(Aim of the exercise)
Copy out the entries that follow exactly, leaving out the pictures.

----- Information supplied

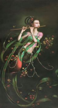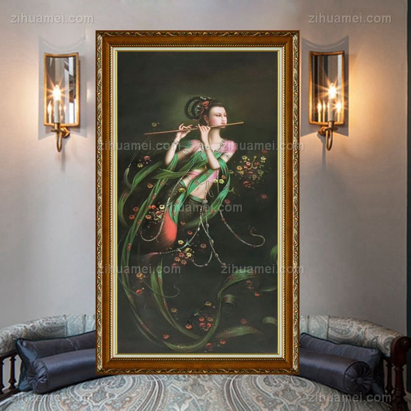 • 新中式客厅玄关装饰画敦煌壁飞天观音手绘油画
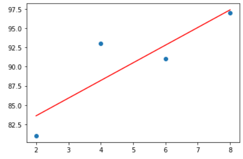 - 최소 제곱법으로 계산한 결과, a = 2.3, b = 79
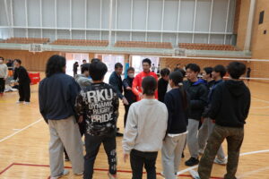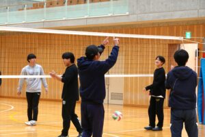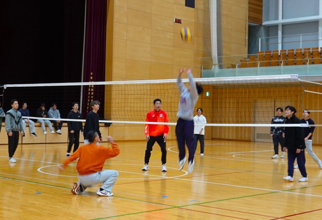 続いて行われた体験会では、参加した学生が耳栓を着用し、日本代表選手と一緒に「デフバレーボール」を実践しました。声や音に頼らず、視線やジェスチャーを使ってコミュニケーションを取りながらプレーすることで、音のない環境でプレーすることの難しさ・相手を意識することの大切さを実感する時間となりました。
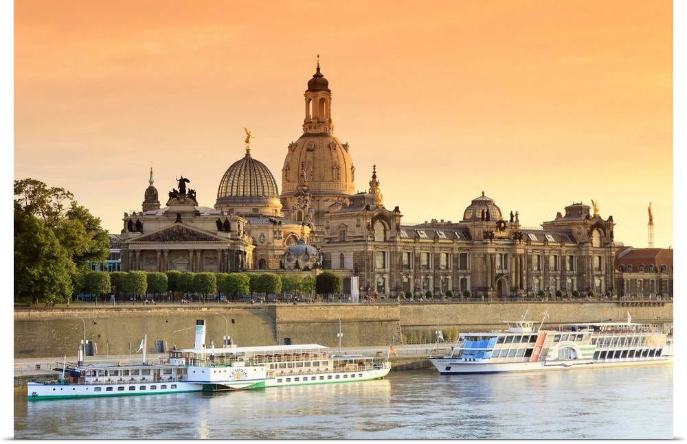 <p>Germany, Saxony, Dresden, Elbe River and Old town skyline</p>
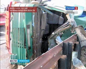 В результате многотонная машина опрокинулась на обочину дороги. Водитель оказался зажат в кабине. Прибывшие спасатели извлекли пострадавшего, после чего его отправили в Сергачскую ЦРБ.
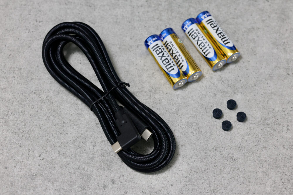 中身は本体の他には、乾電池4本と、ポインティングスティックの予備、丈夫そうなUSB-Cケーブル、そして、いくつかのペーパーが同梱されている。
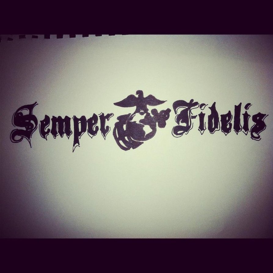 Description: A logo for a band called semper fiblis on a wall in a building in the city.
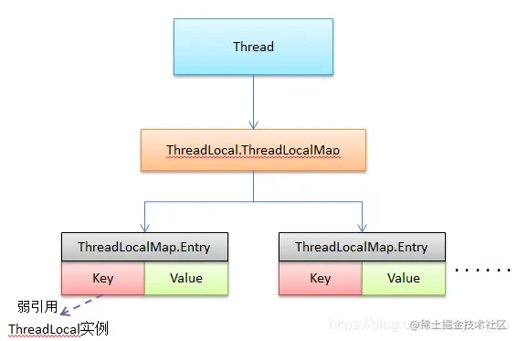 ThreadLocalMap的容器为Thread$ThreadLocalMap$Entry[],引用关系如图:
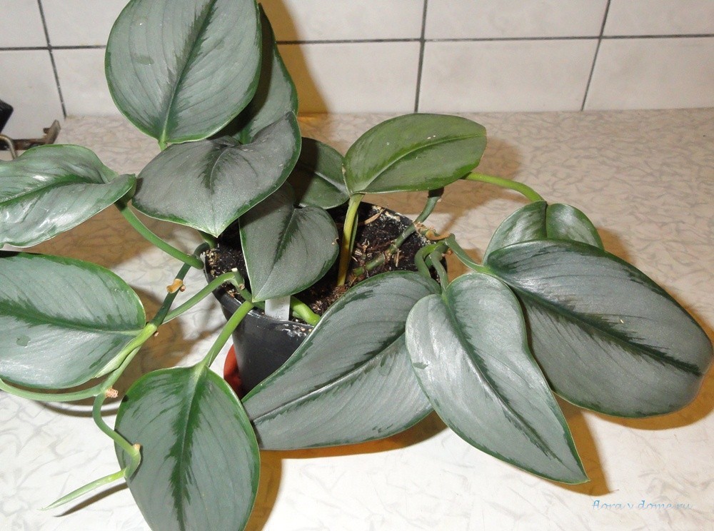 Крупные, до 10 см листья на длинных черешках. Цвет листьев – яркий светящийся салатово-зелёный. В домашних условиях может вырасти до 5 метров, поэтому требует опоры или постоянной обрезки.

----------

(Result)
 • 新中式客厅玄关装饰画敦煌壁飞天观音手绘油画
 - 최소 제곱법으로 계산한 결과, a = 2.3, b = 79
 続いて行われた体験会では、参加した学生が耳栓を着用し、日本代表選手と一緒に「デフバレーボール」を実践しました。声や音に頼らず、視線やジェスチャーを使ってコミュニケーションを取りながらプレーすることで、音のない環境でプレーすることの難しさ・相手を意識することの大切さを実感する時間となりました。
 <p>Germany, Saxony, Dresden, Elbe River and Old town skyline</p>
 В результате многотонная машина опрокинулась на обочину дороги. Водитель оказался зажат в кабине. Прибывшие спасатели извлекли пострадавшего, после чего его отправили в Сергачскую ЦРБ.
 中身は本体の他には、乾電池4本と、ポインティングスティックの予備、丈夫そうなUSB-Cケーブル、そして、いくつかのペーパーが同梱されている。
 Description: A logo for a band called semper fiblis on a wall in a building in the city.
 ThreadLocalMap的容器为Thread$ThreadLocalMap$Entry[],引用关系如图:
 Крупные, до 10 см листья на длинных черешках. Цвет листьев – яркий светящийся салатово-зелёный. В домашних условиях может вырасти до 5 метров, поэтому требует опоры или постоянной обрезки.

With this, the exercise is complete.